The study, which began in 2001 and ran through 2007, looked at the effects of the simple expedient of respectful, responsible conduct after a medical mistake had occurred.  Each time a medical error occurred, whether it came to the attention of staff via voluntary reporting or patient complaint, health workers were encouraged to take a few simple steps:

•    tell the patient and/or his family that the error had occurred;
•    tell the patient and/or his family how the error was made and who made it;
•    tell the patient and/or his family what was being done to prevent the error from occurring again;
•    apologize sincerely to the patient and/or his family; and
•    offer to fairly compensate the patient and/or his family.

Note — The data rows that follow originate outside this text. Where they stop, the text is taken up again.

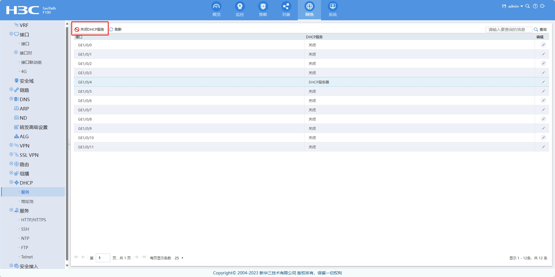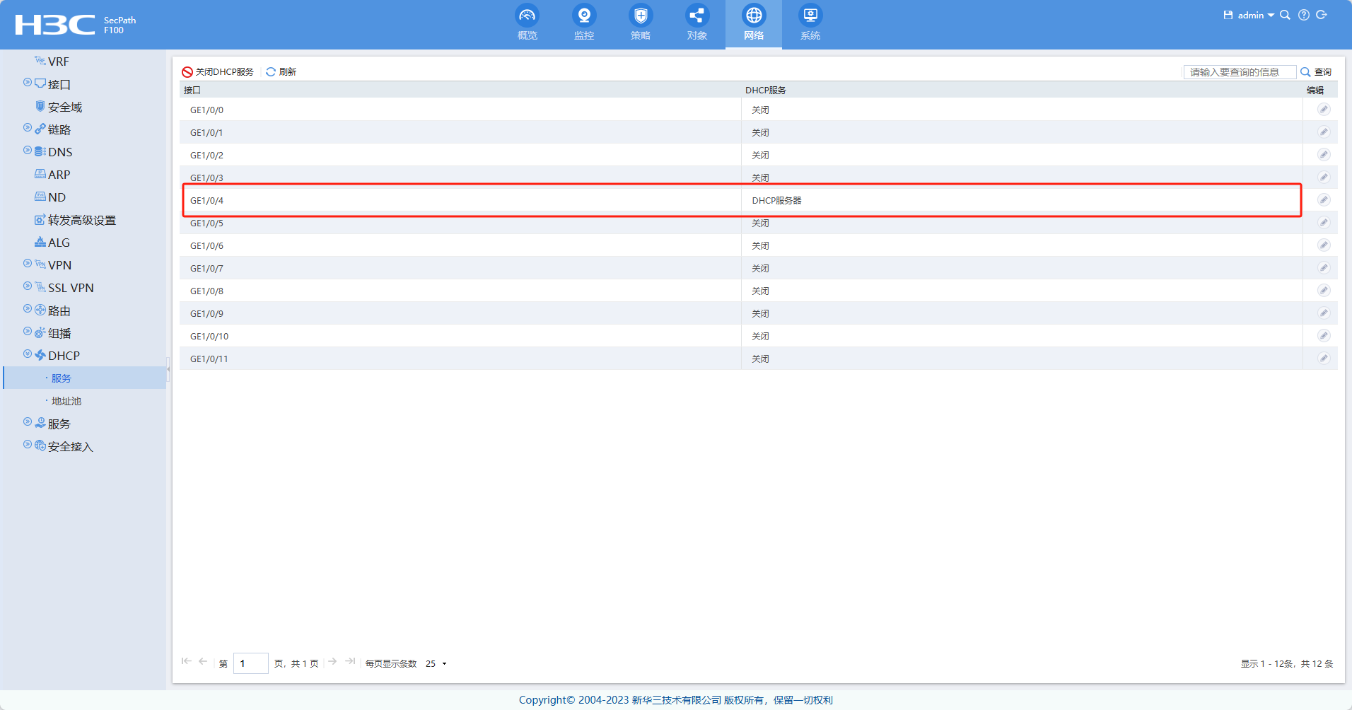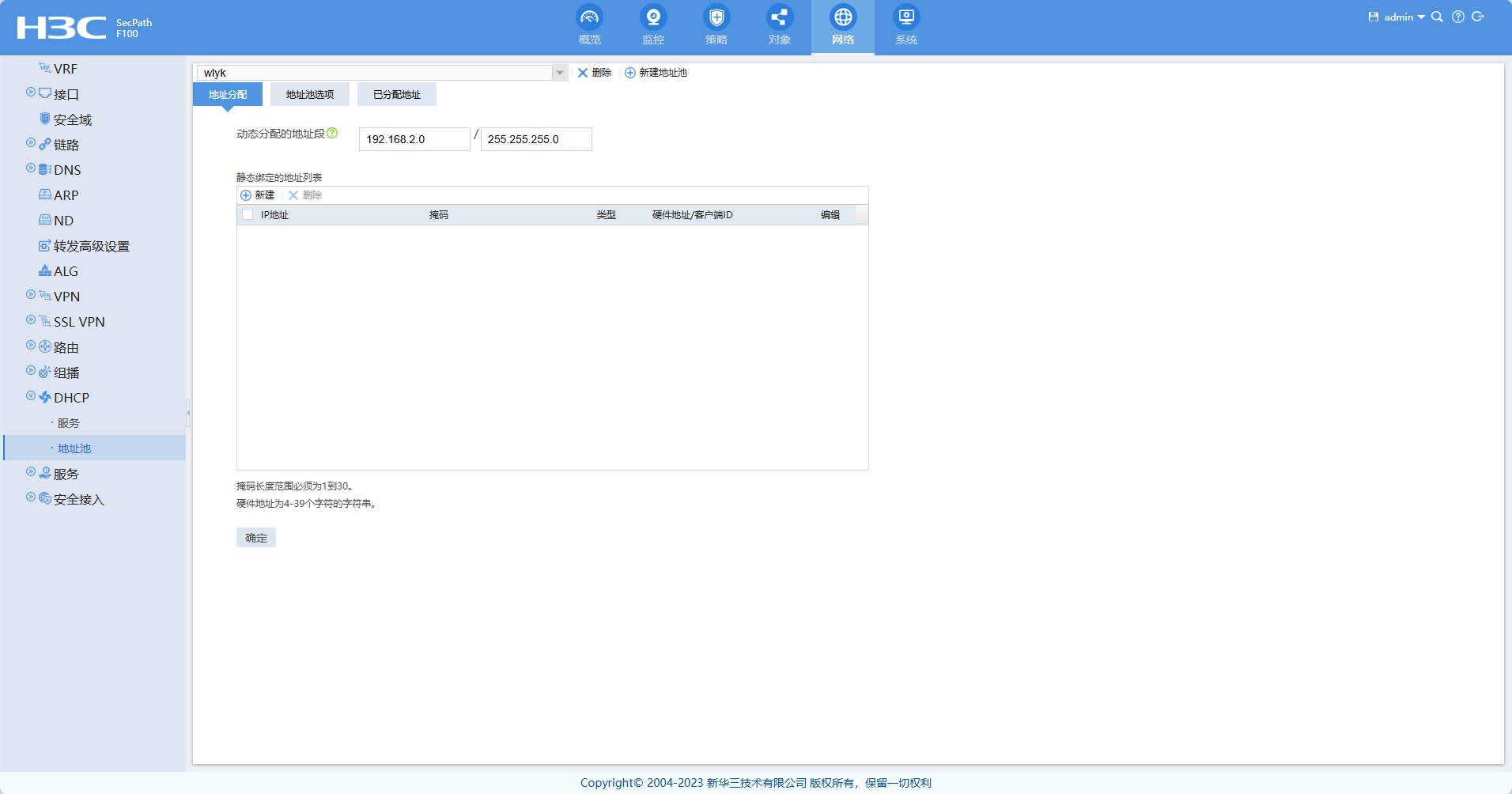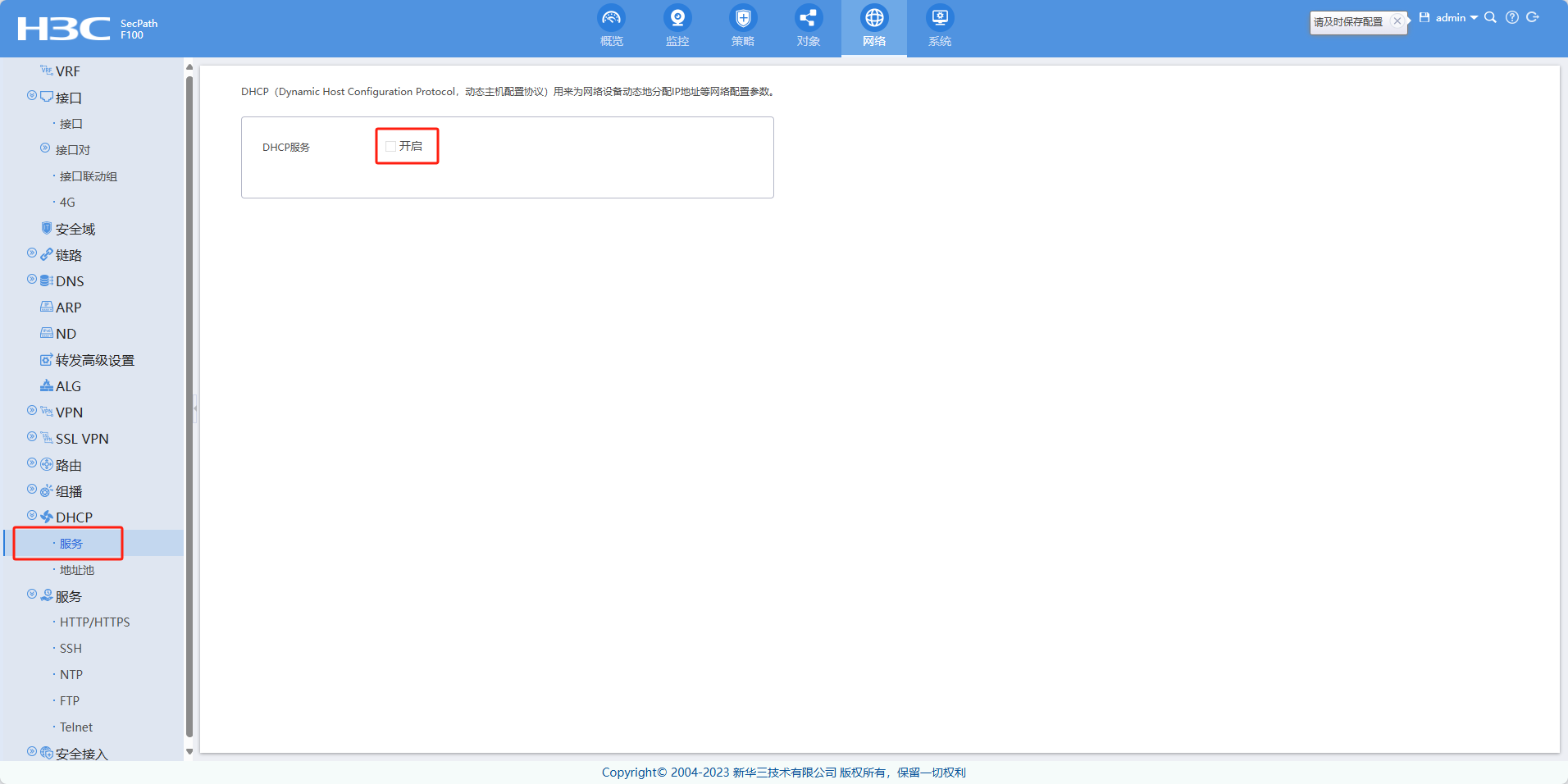 F100-C如何配置DHCP,配置了不生效
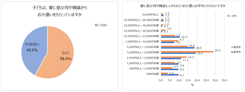 夏休みには、子どもの祖父母や親戚に会うという人も多いのではないでしょうか。その際に気になるのがお小遣い。調べてみると、約6割の子どもが夏に祖父母や親戚からお小遣いをもらっていることが判明。祖父母や親戚1人からもらうお小遣いの金額は、高学年・低学年共に「3,000円以上~5,000円未満」が最多でした。低学年の子どもは、高学年の子どもに比べて2,000円未満の回答が多い傾向がある一方で、低学年の子どもの方が高学年の子どもよりも「5,000円以上~7,000円未満」の割合が多いことも分かりました。
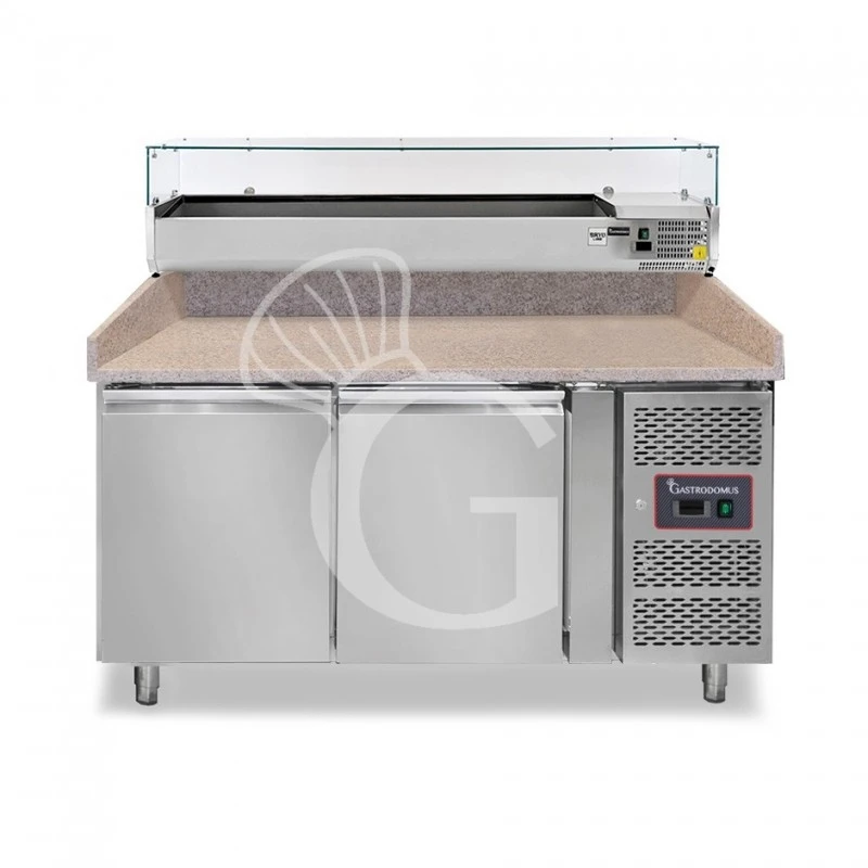 Banco pizza refrigerato ventilato, provvisto di 2 porte con piano in granito e vetrina predisposta per 7 bacinelle GN1/4.
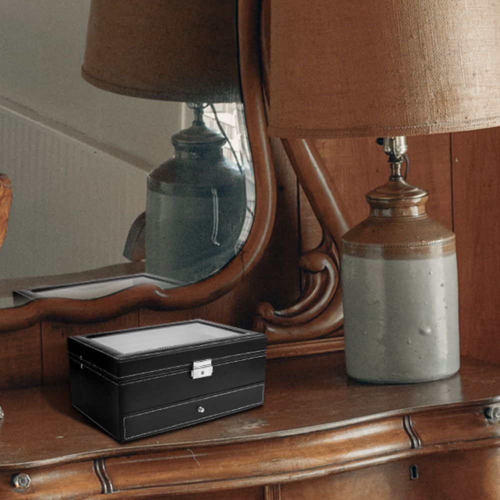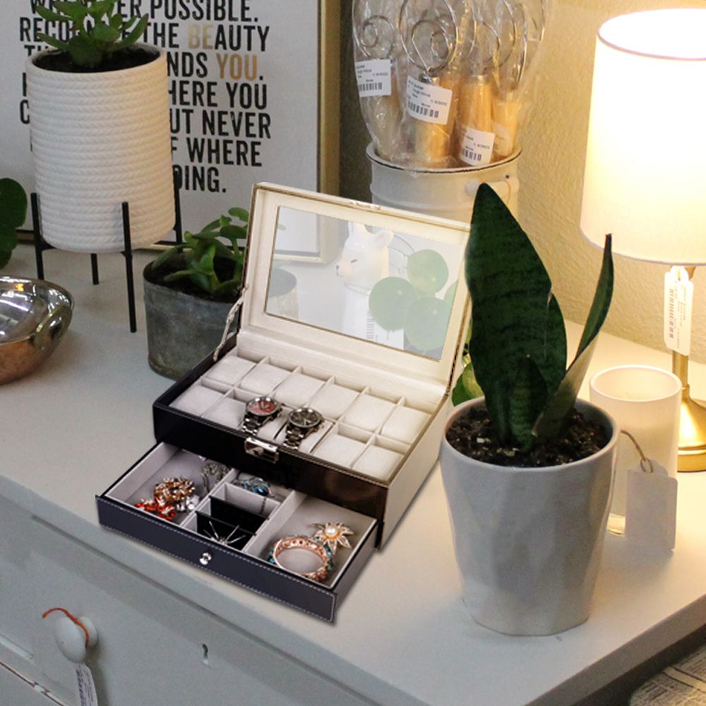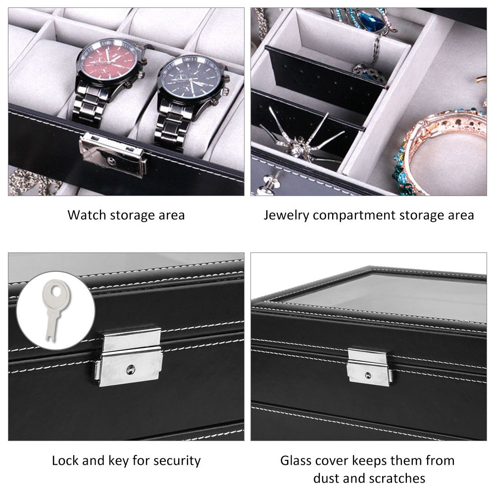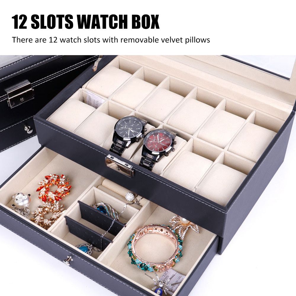 DOUBLE LAYERS: On the top layer of the jewelry box, there are 12 watch slots with removable velvet pillows. And the bottom layer is the storage area for bracelets, necklaces and other accessories.
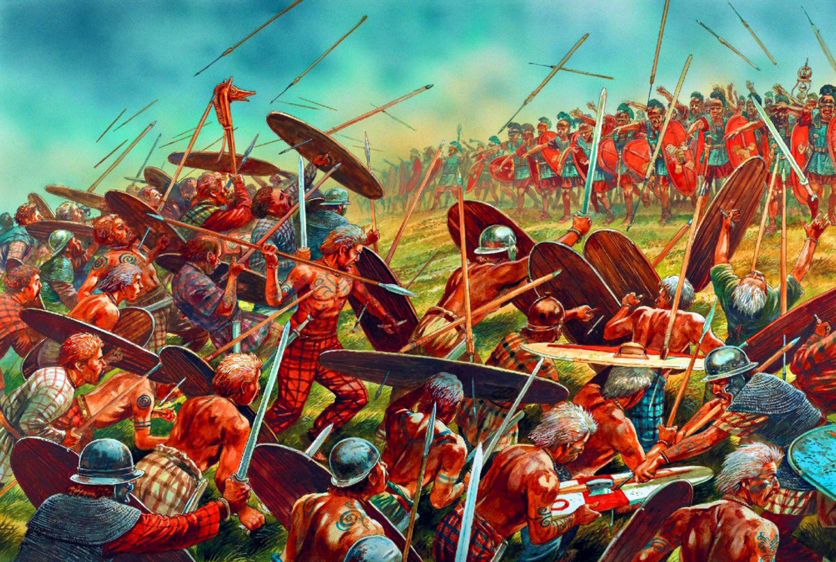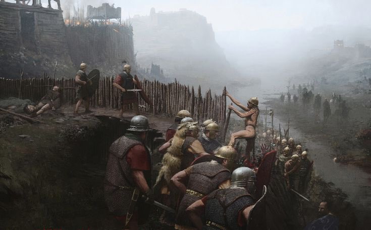 The Gauls would mass disorganized charges & plunge toward trenches, stakes, moats, & palisades under withering javelins, ballista bolts, & arrows only to reach lines of disclipned legionaries, gladius in hand, or devastating cavalry charges.

To most people, these simple steps seem quite obvious – these are things that we would like to believe that responsible professionals would do on their own.  Unfortunately, our Chicago medical malpractice attorneys are experienced enough to know that these steps are seldom taken, because physicians, hospitals, and insurers feel that admitting what has occurred only leaves them vulnerable to suits by the victims of their negligence.

That is what makes the University of Michigan study truly groundbreaking.

And the results speak for themselves.  When healthcare workers followed these simple protocols, all areas of risk management improved.  There were half as many medical malpractice lawsuits, nearly thirty percent fewer compensation claims, disputes were resolved faster, and legal costs were reduced.  Even the overall amount paid in compensation to victims went down by an astounding sixty percent:  that’s right, in spite of the offers to pay voluntarily and the admissions of fault.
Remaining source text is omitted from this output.